RECORDED INFORMATION:
================================

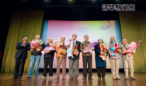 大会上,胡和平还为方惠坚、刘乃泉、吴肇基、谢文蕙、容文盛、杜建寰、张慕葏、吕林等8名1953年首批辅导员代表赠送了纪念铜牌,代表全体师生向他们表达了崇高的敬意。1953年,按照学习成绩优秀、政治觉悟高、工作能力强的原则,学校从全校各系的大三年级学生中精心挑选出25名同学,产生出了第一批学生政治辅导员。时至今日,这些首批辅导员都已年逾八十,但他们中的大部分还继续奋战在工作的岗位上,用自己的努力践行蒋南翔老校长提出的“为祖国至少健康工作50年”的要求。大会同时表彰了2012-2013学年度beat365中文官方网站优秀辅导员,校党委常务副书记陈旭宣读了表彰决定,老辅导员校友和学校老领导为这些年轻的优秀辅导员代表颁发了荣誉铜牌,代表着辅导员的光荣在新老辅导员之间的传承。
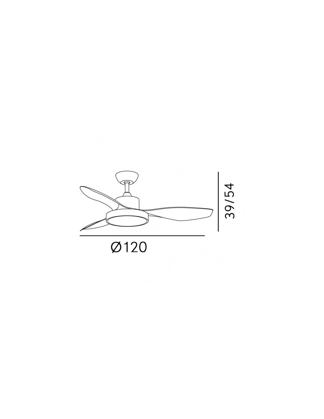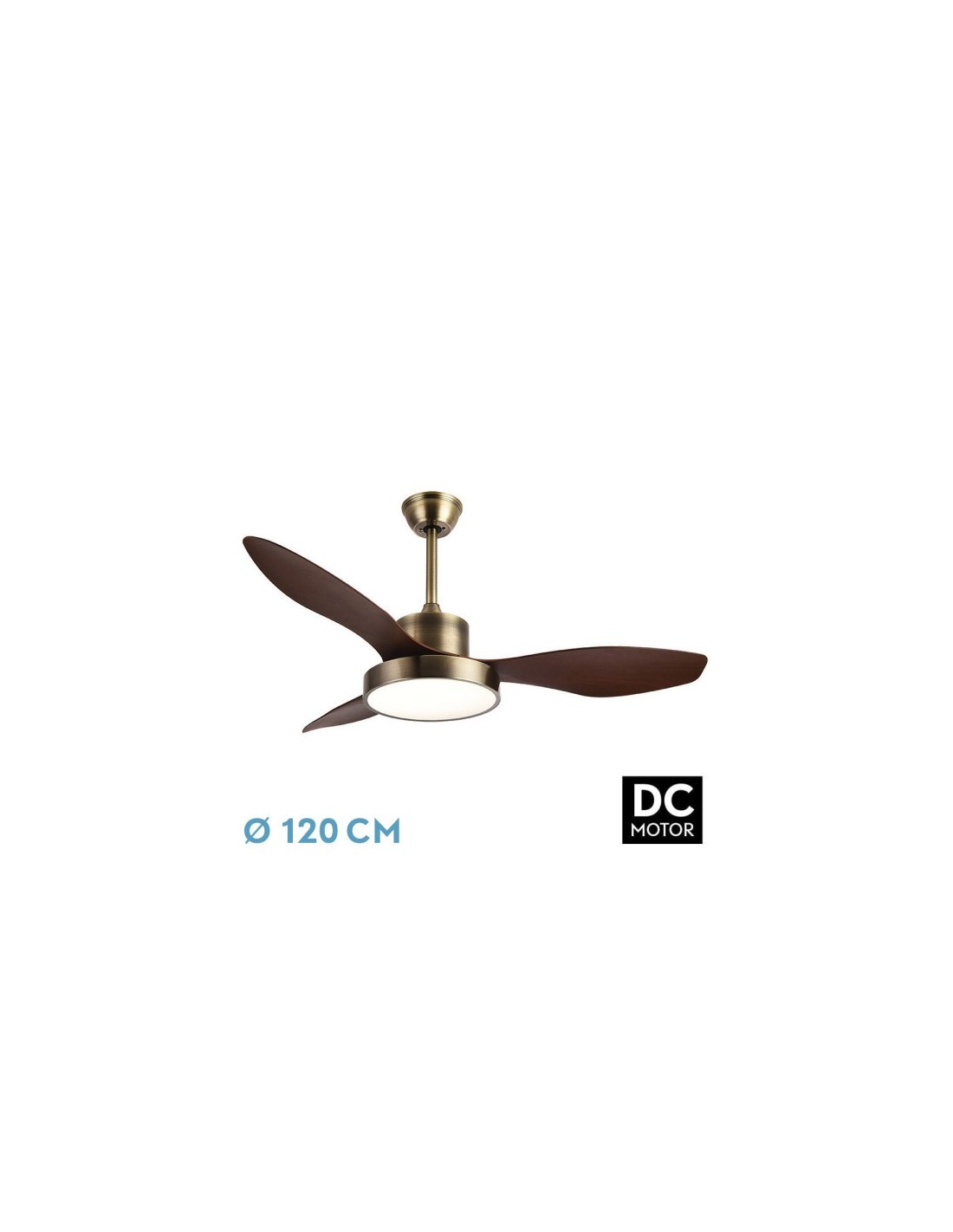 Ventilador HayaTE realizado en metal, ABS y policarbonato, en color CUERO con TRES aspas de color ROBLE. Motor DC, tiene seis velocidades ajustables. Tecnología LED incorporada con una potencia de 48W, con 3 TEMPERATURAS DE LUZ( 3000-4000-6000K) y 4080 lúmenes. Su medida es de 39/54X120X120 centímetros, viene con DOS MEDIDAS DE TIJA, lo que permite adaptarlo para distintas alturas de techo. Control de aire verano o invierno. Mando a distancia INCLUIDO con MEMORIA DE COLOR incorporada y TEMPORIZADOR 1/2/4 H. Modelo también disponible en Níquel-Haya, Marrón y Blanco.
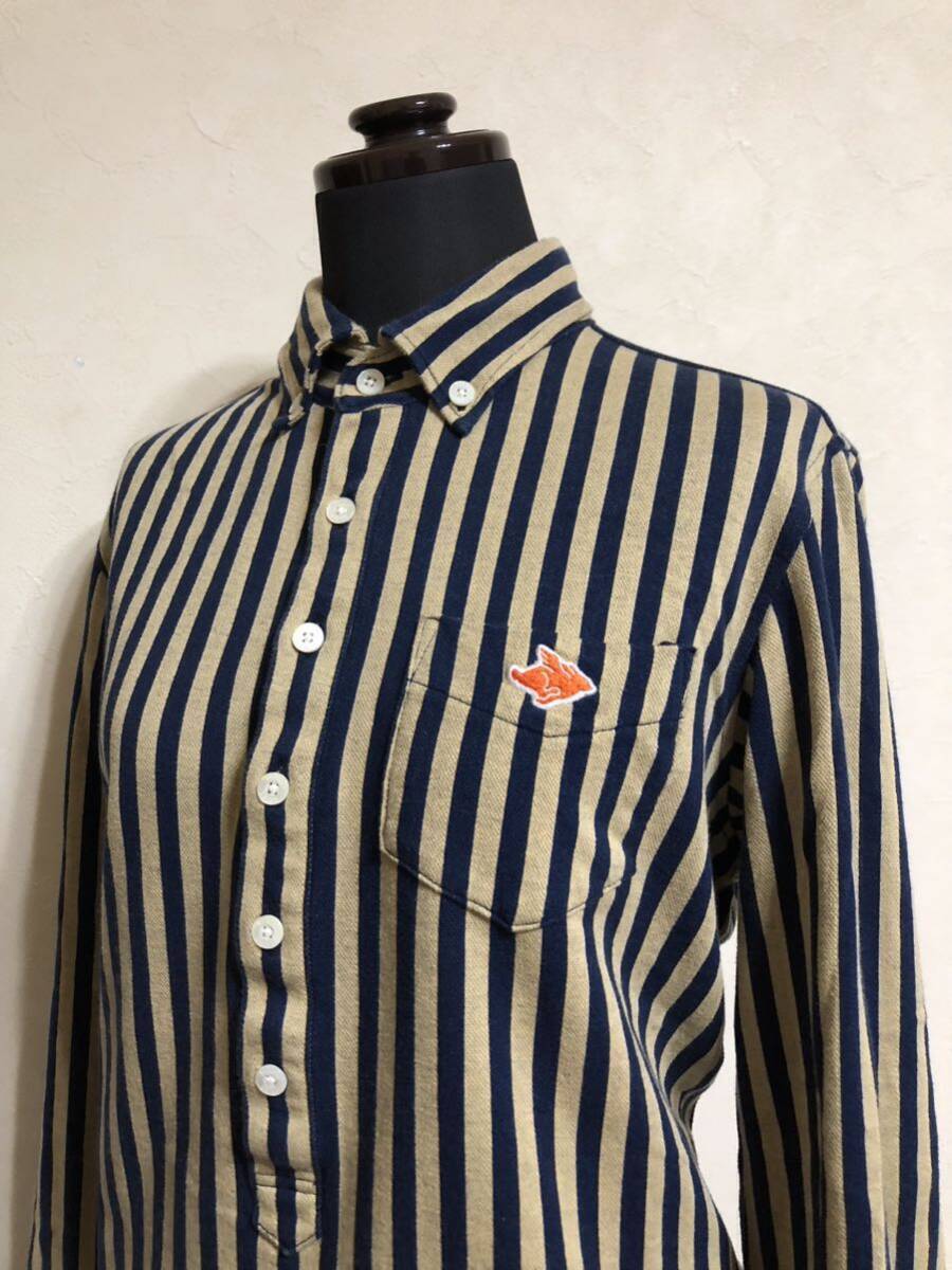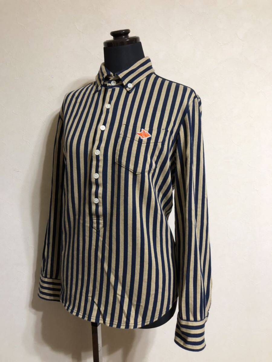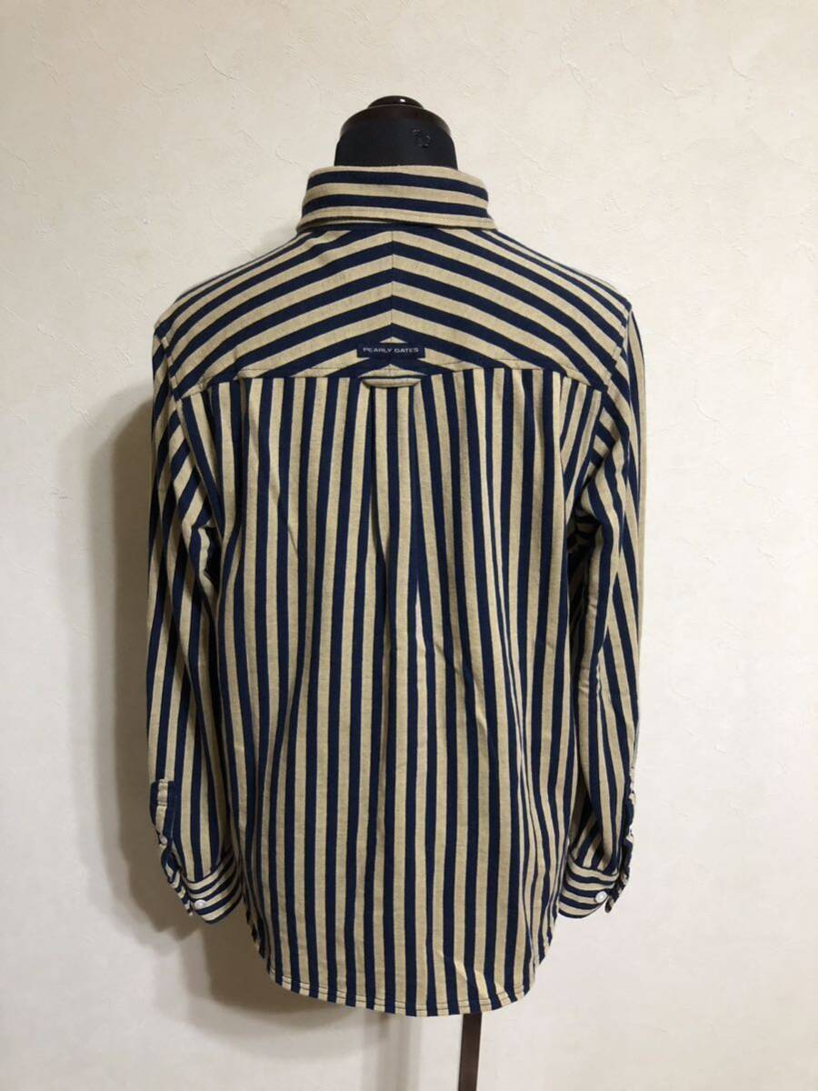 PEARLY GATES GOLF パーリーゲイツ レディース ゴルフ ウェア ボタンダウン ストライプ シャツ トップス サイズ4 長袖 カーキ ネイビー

================================

EXERCISE BRIEF: In your copy of the listing above, reproduce each line exactly and omit all pictures.

ANSWER TO THE EXERCISE:
 大会上,胡和平还为方惠坚、刘乃泉、吴肇基、谢文蕙、容文盛、杜建寰、张慕葏、吕林等8名1953年首批辅导员代表赠送了纪念铜牌,代表全体师生向他们表达了崇高的敬意。1953年,按照学习成绩优秀、政治觉悟高、工作能力强的原则,学校从全校各系的大三年级学生中精心挑选出25名同学,产生出了第一批学生政治辅导员。时至今日,这些首批辅导员都已年逾八十,但他们中的大部分还继续奋战在工作的岗位上,用自己的努力践行蒋南翔老校长提出的“为祖国至少健康工作50年”的要求。大会同时表彰了2012-2013学年度beat365中文官方网站优秀辅导员,校党委常务副书记陈旭宣读了表彰决定,老辅导员校友和学校老领导为这些年轻的优秀辅导员代表颁发了荣誉铜牌,代表着辅导员的光荣在新老辅导员之间的传承。
 Ventilador HayaTE realizado en metal, ABS y policarbonato, en color CUERO con TRES aspas de color ROBLE. Motor DC, tiene seis velocidades ajustables. Tecnología LED incorporada con una potencia de 48W, con 3 TEMPERATURAS DE LUZ( 3000-4000-6000K) y 4080 lúmenes. Su medida es de 39/54X120X120 centímetros, viene con DOS MEDIDAS DE TIJA, lo que permite adaptarlo para distintas alturas de techo. Control de aire verano o invierno. Mando a distancia INCLUIDO con MEMORIA DE COLOR incorporada y TEMPORIZADOR 1/2/4 H. Modelo también disponible en Níquel-Haya, Marrón y Blanco.
 PEARLY GATES GOLF パーリーゲイツ レディース ゴルフ ウェア ボタンダウン ストライプ シャツ トップス サイズ4 長袖 カーキ ネイビー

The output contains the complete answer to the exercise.